§ **Task item**
Reproduce word for word the lines from the beginning of the entries to the line with "24V Kids ATV", both included, but none of the pictures.

[Start of Attachment]

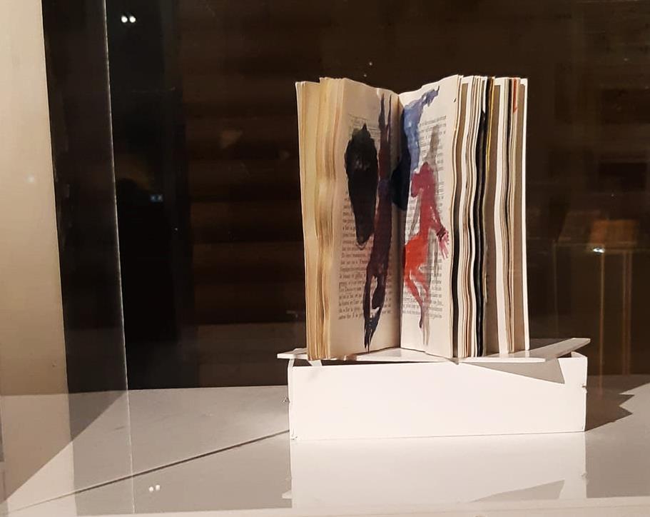 Dispositif.III Sous vitrine : récit graphique dessiné sur les pages du livre d’Henri Alleg « La Question » Année 2018
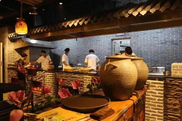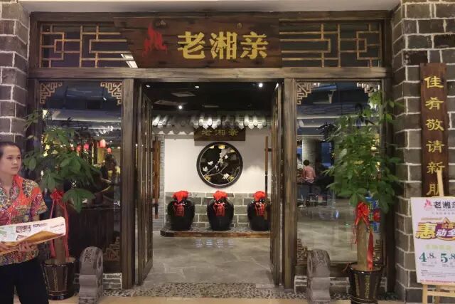 ▲暖黄色背墙、红彤彤的灯笼、红花绿植点缀、砖瓦屋檐下的坐凳,浓郁的湘情勾勒起每一位食客心中关于湖南的乡土面貌。
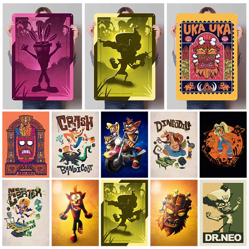 Crash Bandicoot Posters Classic Game Metal Signs Wall Art Mural Custom Tinplate Plaques for Gamers Gaming Room Decoration Retro
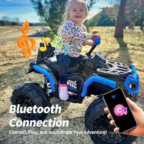 24V Kids ATV 4 Wheeler, Electric ATV Four Wheeler for Big Kids with Bluetooth, 2x200W Motors – Blue
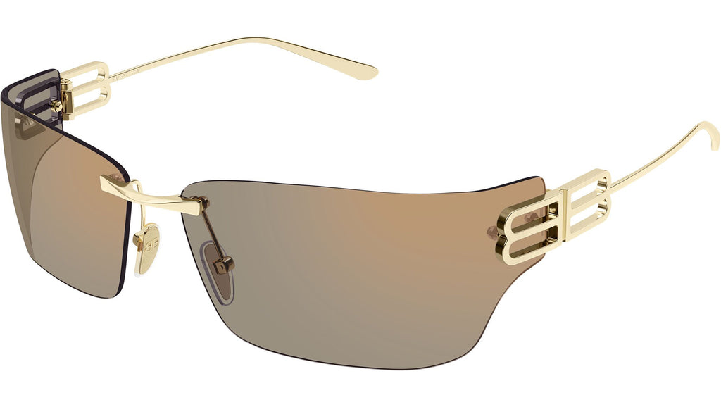 Occhiali da sole Balenciaga BB0485SA 002 unisex con montatura rettangolare in metallo oro chiaro lucido e lenti marrone solido con flash rosa maschera. Linea: Everyday. Codice modello: BB0485SA. Codice colore: 002. Made in Japan. Rivenditore autorizzato Balenciaga online. Gli occhiali vengono consegnati con custodia e accessori originali e sono coperti dalla garanzia ufficiale di 12 mesi del produttore.
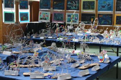 学年のそれぞれのスペースに並べられ、子どもたちの思いがいっぱい詰まった作品は、輝いて見えます。日吉小学校の講堂が、元気がはじける美術館になりました。

[End of Attachment]

§ **Output below**
 Dispositif.III Sous vitrine : récit graphique dessiné sur les pages du livre d’Henri Alleg « La Question » Année 2018
 ▲暖黄色背墙、红彤彤的灯笼、红花绿植点缀、砖瓦屋檐下的坐凳,浓郁的湘情勾勒起每一位食客心中关于湖南的乡土面貌。
 Crash Bandicoot Posters Classic Game Metal Signs Wall Art Mural Custom Tinplate Plaques for Gamers Gaming Room Decoration Retro
 24V Kids ATV 4 Wheeler, Electric ATV Four Wheeler for Big Kids with Bluetooth, 2x200W Motors – Blue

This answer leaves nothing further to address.